Chevron holds some $15 billion in Canadian assets and takes about $3 billion in annual profits from Canadian operations in the Beaufort Sea, Newfoundland, and the Alberta Tar Sands. The company, however, has started dumping Canadian assets. In April 2017, Chevron sold a refinery in British Columbia, and has sold 213 Canadian fuel stations. The plaintiffs may find it necessary to ask Canadian courts to freeze Chevron assets, before they dump them all to avoid payment, as they did in Ecuador.

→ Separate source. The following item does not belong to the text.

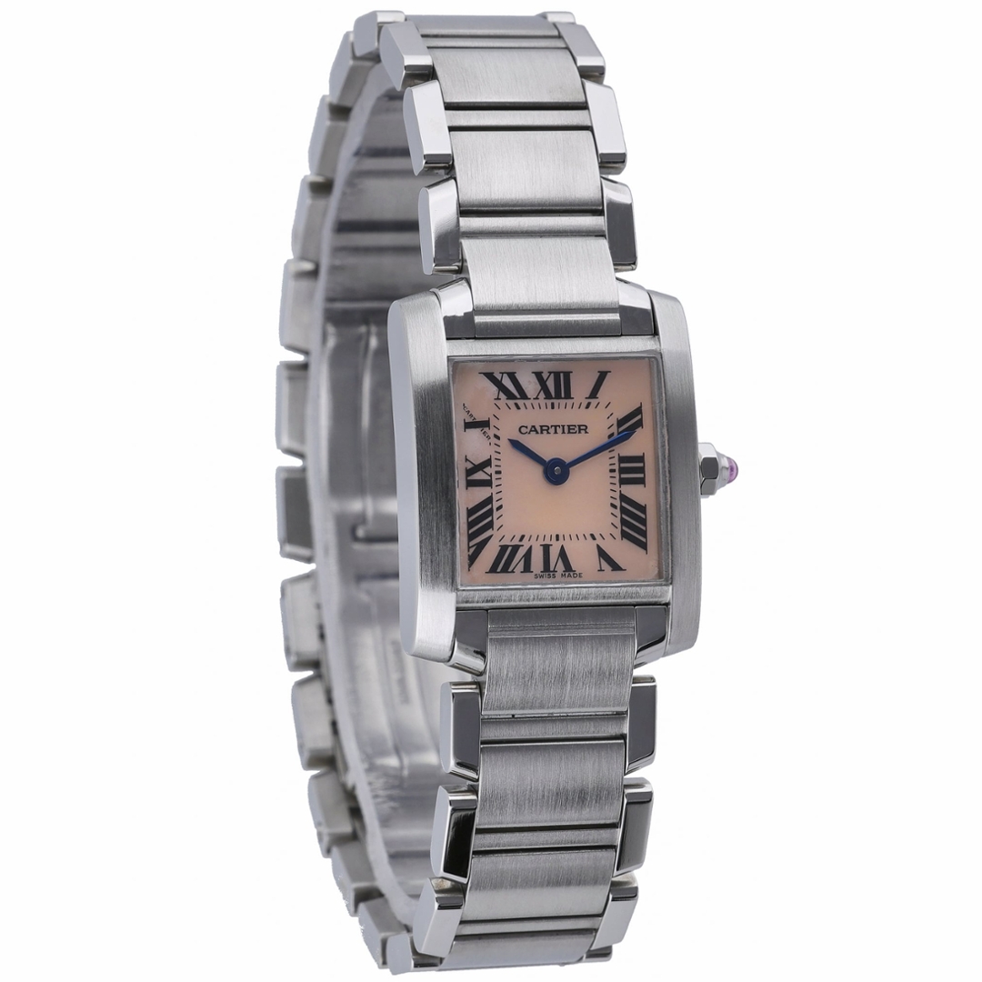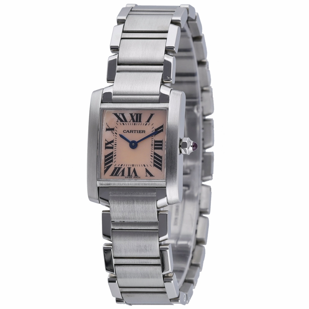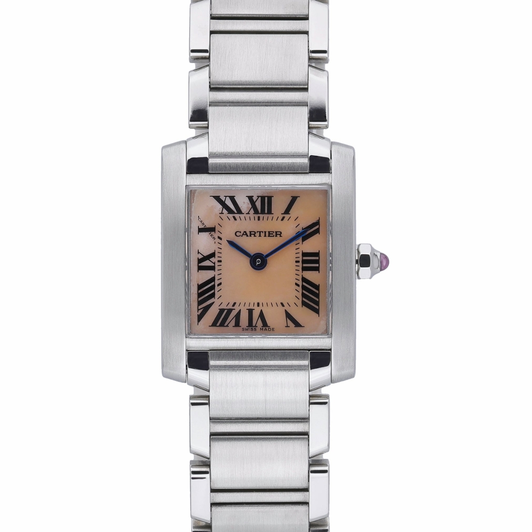 A Cartier Tank Francaise 2384 is an exquisite timepiece that embodies the brand's legacy of timeless elegance and sophisticated design. This watch features a 20mm stainless steel case that exudes a delicate yet strong presence, perfect for those seeking a refined, understated accessory. The stunning mother-of-pearl dial adds a luxurious touch, with its iridescent surface creating a captivating contrast with the bold Roman numeral markers and blue steel hands, ensuring both beauty and functionality.

The International Human Rights Program at the University of Toronto Faculty of Law has filed a “friend of the court” brief supporting the villagers’ rights to pursue Chevron’s assets in Canada. Lawyers for the indigenous and peasant villagers of Ecuador have not been intimidated by 24 years of attacks and dirty tricks by Chevron and its agents. They vow to endure until they collect compensation for the victims and the cost of restoring the Amazon rainforest.